The data that is stored in Active Directory is physically stored in just a few files. The information is mainly stored in a file called ntds.dit, but there are also transaction logs that are used in conjunction with
ntds.dit to support the database. You will physically find these files on each domain controller in the %systemroot%\NTDS folder. These files contain the information that is stored in Active Directory such as user, computer,
organizational units, domains, sites objects, etc… If the domain controller also functions as a Global Catalog server, information from other domains in the forest is stored in the database as well.
While administrators do not interact directly with these files, there are times such as disaster recover, routine maintenance, and other events that will require the administrator to work directly with these files
generally via the command prompt. However, this interaction with the database is not accessed directly, but via one or more interfaces that support communication with the data store.
Here are some of the various interfaces that may be used to communicate with the database: Lightweight Directory Access Protocol (LDAP), Replication (REPL), Messaging API (MAPI), and the Security Accounts Manager (SAM).
To communicate with the data store, there is a service called the Directory Service Agent (DSA) which provides the access. This runs as a DLL called ntdsai.dll. The DSA ensures that certain rules are enforced when accessing
the store. When access is required, one of the interfaces is used to bind to the DSA. The DSA sits in the Database layer and cannot access the store directly. The DSA uses the Extensible Storage Engine (ESE) to communicate with
the store. The ESE is responsible for transferring information in and out of the database.
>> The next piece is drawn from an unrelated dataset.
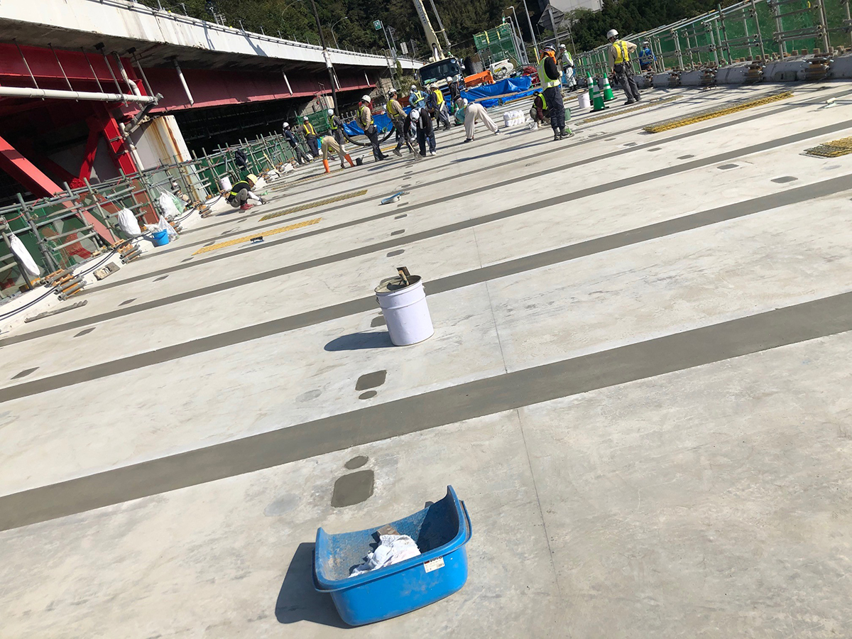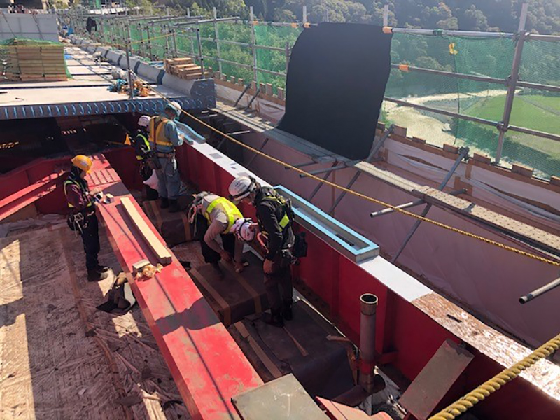 床版防水は高性能床版防水工法(グレードⅡ)を採用し、「レジテクトGS-M工法」で約2,450m2に施工した。舗装は、基層が橋梁レベリング層用混合物(FB13)、表層は高機能舗装Ⅰ型用としている。足場は、パネル吊式足場「SKパネル」を採用している。

This multi-layer approach ensures that each component can run independently while providing various interfaces for accessing information in the data store. These various interfaces allow components to access information
using different formats. While certain clients and applications rely on LDAP, others, such as pre-Windows 2000 systems may access using the SAM interface. This approach also allows for future implementations to incorporate
newer interfaces without having to modify all of the layers involved in the support of Active Directory Domain Services.